**EXERCISE**. Could you copy exactly the lines below from the one with "Ручки капиллярные (линеры)" to the one with "作为这部戏的主角,网友评价白", inclusive, leaving out any pictures?

**DATA PROVIDED**.
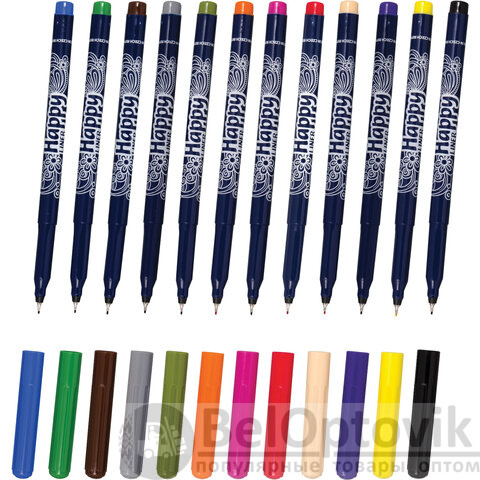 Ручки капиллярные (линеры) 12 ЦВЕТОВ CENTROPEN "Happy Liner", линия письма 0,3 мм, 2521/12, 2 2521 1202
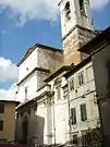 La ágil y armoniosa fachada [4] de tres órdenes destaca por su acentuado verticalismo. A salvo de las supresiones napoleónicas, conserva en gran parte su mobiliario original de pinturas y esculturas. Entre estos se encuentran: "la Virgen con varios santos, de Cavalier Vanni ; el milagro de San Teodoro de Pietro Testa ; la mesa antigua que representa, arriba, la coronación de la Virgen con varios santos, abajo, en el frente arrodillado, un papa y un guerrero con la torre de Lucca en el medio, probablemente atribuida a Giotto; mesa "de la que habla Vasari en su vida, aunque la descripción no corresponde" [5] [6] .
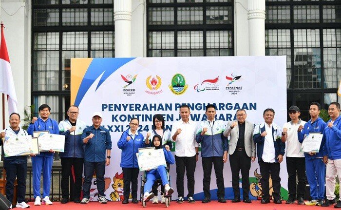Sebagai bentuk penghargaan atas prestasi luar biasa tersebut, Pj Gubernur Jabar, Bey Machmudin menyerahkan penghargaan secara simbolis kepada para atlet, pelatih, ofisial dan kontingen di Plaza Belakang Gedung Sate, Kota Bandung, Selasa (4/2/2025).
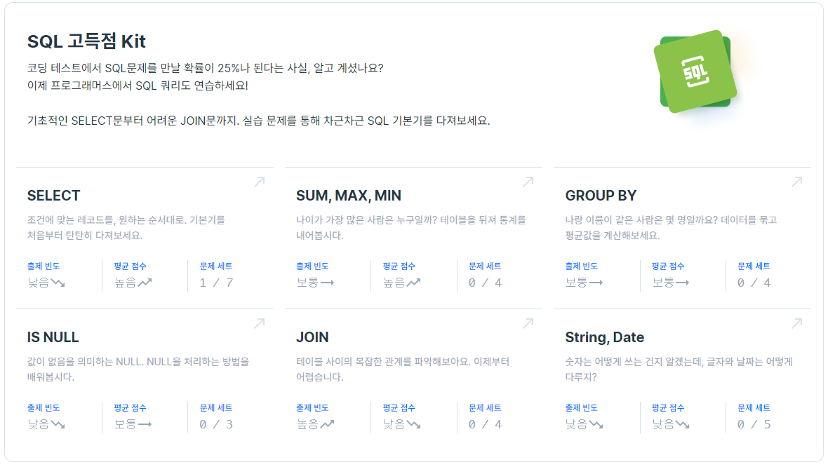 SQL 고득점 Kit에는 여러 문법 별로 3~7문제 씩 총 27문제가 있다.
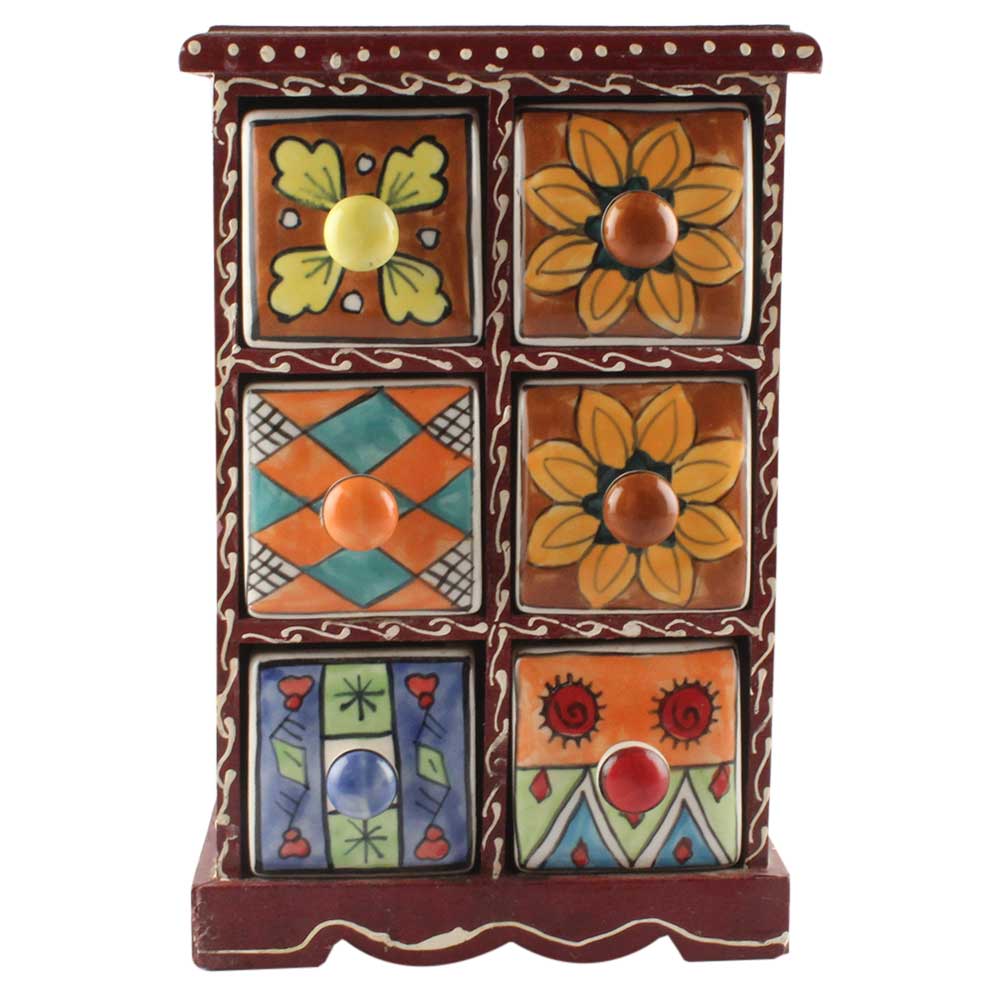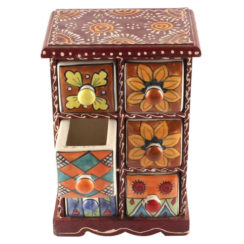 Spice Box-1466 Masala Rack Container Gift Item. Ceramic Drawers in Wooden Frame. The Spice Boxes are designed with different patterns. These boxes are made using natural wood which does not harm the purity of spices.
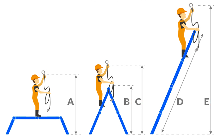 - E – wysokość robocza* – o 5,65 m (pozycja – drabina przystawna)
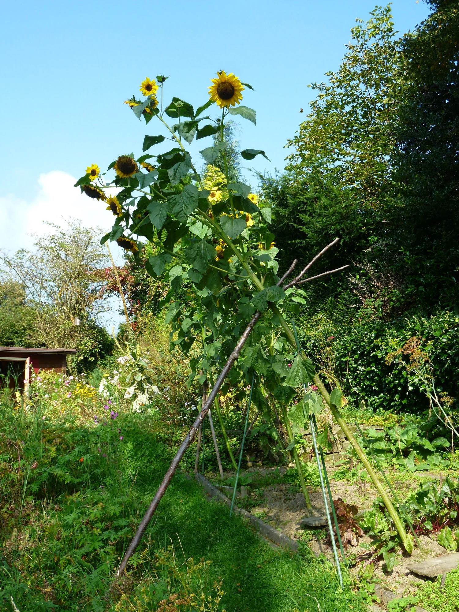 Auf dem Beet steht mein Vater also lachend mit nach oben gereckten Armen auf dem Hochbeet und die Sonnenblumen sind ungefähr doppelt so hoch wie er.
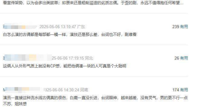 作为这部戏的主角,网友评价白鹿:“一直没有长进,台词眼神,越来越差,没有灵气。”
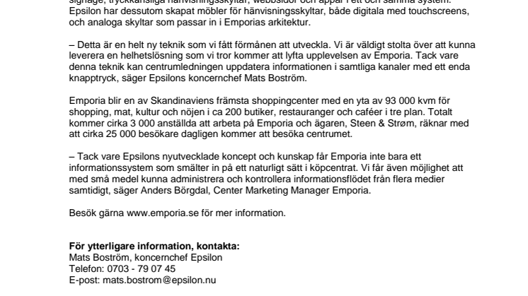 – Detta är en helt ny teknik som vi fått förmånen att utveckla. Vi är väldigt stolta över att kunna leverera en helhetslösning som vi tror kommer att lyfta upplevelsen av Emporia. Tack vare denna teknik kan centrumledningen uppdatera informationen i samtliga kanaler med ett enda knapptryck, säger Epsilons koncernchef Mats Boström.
==
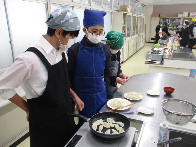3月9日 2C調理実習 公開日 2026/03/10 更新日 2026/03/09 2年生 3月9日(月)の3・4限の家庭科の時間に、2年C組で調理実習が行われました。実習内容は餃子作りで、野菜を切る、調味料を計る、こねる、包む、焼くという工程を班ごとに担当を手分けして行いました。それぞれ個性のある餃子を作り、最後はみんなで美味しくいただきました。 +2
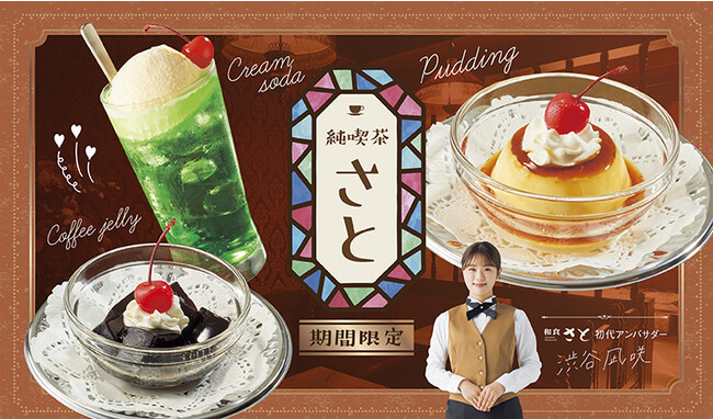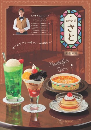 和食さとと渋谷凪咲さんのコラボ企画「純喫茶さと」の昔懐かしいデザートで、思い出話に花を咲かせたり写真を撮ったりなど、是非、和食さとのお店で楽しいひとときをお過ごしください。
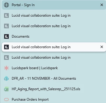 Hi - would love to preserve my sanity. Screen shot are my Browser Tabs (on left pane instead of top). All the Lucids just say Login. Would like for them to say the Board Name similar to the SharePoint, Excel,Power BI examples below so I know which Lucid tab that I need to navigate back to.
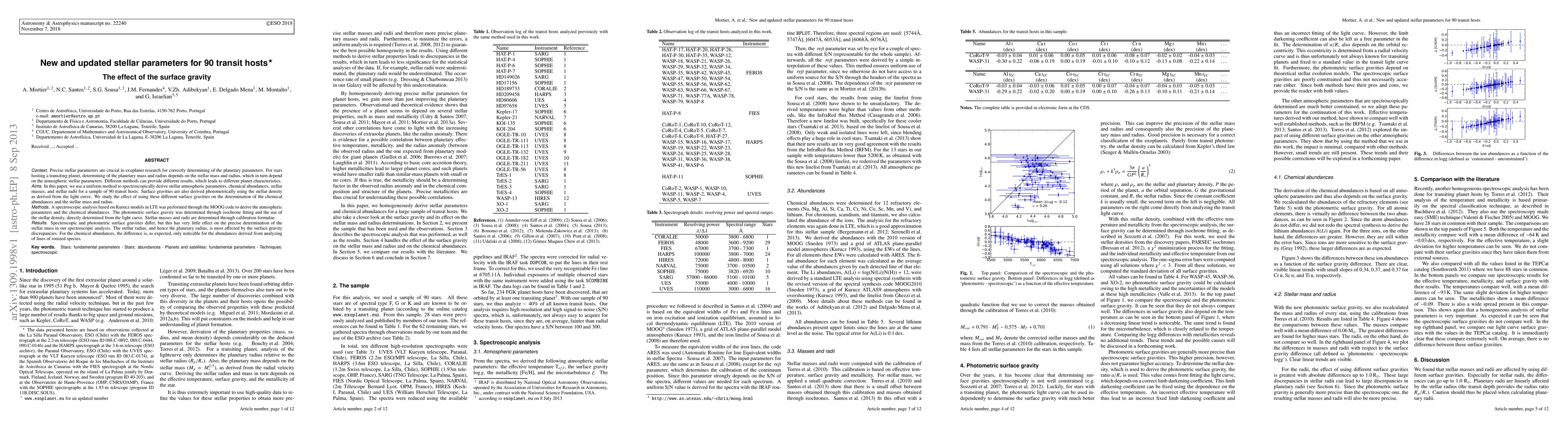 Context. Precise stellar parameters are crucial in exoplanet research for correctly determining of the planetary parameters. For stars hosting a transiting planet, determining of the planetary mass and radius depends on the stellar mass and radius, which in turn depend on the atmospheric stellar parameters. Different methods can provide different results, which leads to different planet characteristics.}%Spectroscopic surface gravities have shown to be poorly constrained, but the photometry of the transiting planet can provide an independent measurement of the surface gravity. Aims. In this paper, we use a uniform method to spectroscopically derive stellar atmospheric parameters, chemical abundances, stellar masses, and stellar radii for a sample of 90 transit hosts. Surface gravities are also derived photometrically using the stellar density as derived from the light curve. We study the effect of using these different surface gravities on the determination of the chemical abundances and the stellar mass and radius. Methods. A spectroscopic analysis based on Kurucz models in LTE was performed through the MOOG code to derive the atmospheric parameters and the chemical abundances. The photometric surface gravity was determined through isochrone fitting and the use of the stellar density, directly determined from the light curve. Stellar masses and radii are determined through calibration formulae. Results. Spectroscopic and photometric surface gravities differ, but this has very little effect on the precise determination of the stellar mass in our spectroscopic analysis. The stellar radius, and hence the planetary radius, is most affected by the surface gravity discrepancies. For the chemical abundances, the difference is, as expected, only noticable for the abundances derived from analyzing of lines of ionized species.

**REPLY**.
 Ручки капиллярные (линеры) 12 ЦВЕТОВ CENTROPEN "Happy Liner", линия письма 0,3 мм, 2521/12, 2 2521 1202
 La ágil y armoniosa fachada [4] de tres órdenes destaca por su acentuado verticalismo. A salvo de las supresiones napoleónicas, conserva en gran parte su mobiliario original de pinturas y esculturas. Entre estos se encuentran: "la Virgen con varios santos, de Cavalier Vanni ; el milagro de San Teodoro de Pietro Testa ; la mesa antigua que representa, arriba, la coronación de la Virgen con varios santos, abajo, en el frente arrodillado, un papa y un guerrero con la torre de Lucca en el medio, probablemente atribuida a Giotto; mesa "de la que habla Vasari en su vida, aunque la descripción no corresponde" [5] [6] .
Sebagai bentuk penghargaan atas prestasi luar biasa tersebut, Pj Gubernur Jabar, Bey Machmudin menyerahkan penghargaan secara simbolis kepada para atlet, pelatih, ofisial dan kontingen di Plaza Belakang Gedung Sate, Kota Bandung, Selasa (4/2/2025).
 SQL 고득점 Kit에는 여러 문법 별로 3~7문제 씩 총 27문제가 있다.
 Spice Box-1466 Masala Rack Container Gift Item. Ceramic Drawers in Wooden Frame. The Spice Boxes are designed with different patterns. These boxes are made using natural wood which does not harm the purity of spices.
 - E – wysokość robocza* – o 5,65 m (pozycja – drabina przystawna)
 Auf dem Beet steht mein Vater also lachend mit nach oben gereckten Armen auf dem Hochbeet und die Sonnenblumen sind ungefähr doppelt so hoch wie er.
 作为这部戏的主角,网友评价白鹿:“一直没有长进,台词眼神,越来越差,没有灵气。”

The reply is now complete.